→ Provided material:
----------

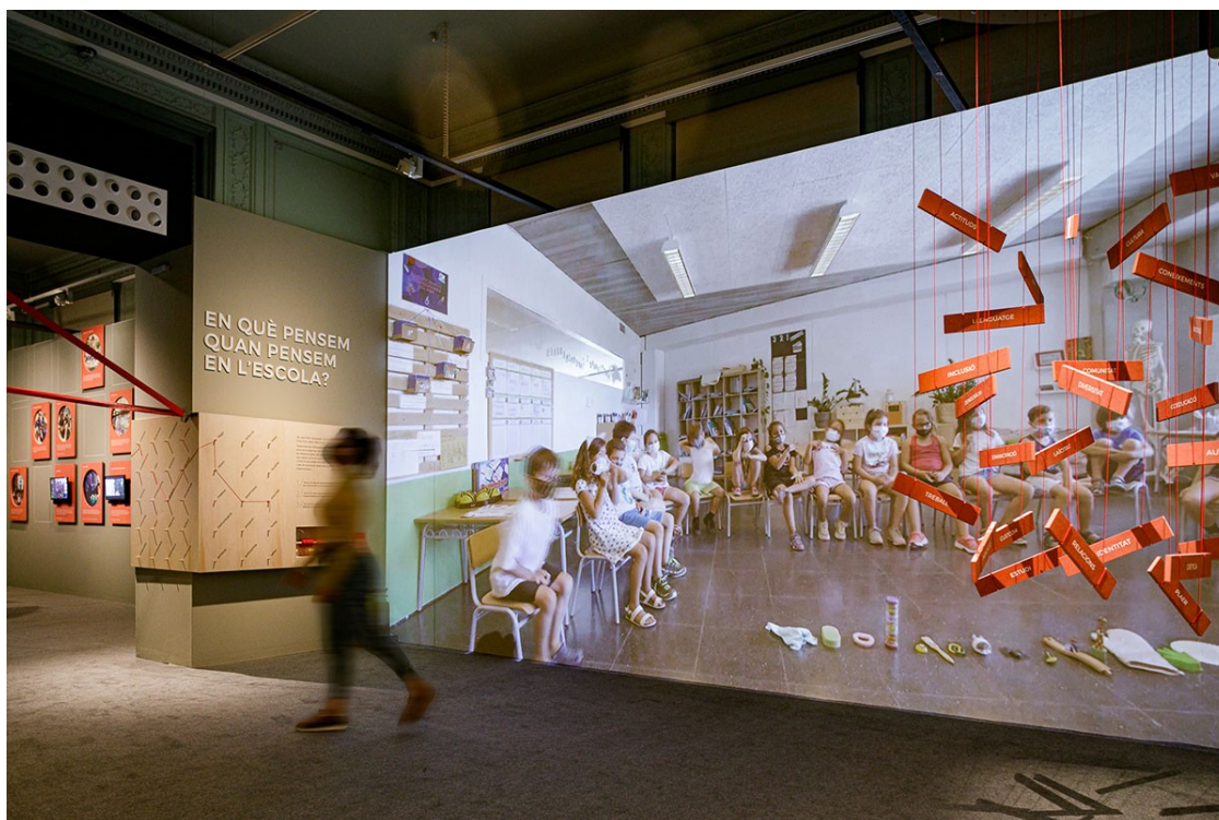
Unes plaques solars en una teulada | Generalitat de Catalunya

Una exposició al Palau Robert proposa pensar l'escola pública des de diferents perspectives
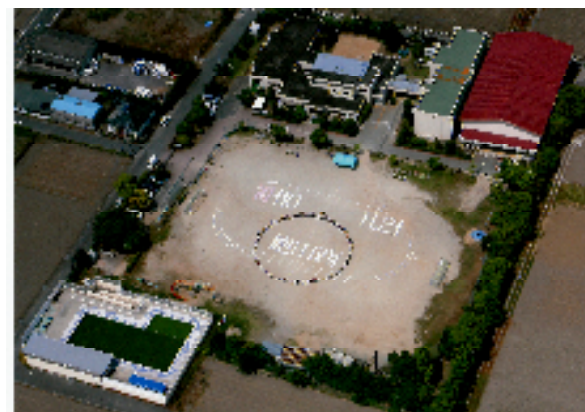
現校舎と校地（110周年記念 平成21年5月撮影）

----------

→ Required action:
I would like the material above returned exactly as it stands, without its pictures.

→ Response:
Unes plaques solars en una teulada | Generalitat de Catalunya

Una exposició al Palau Robert proposa pensar l'escola pública des de diferents perspectives
現校舎と校地（110周年記念 平成21年5月撮影）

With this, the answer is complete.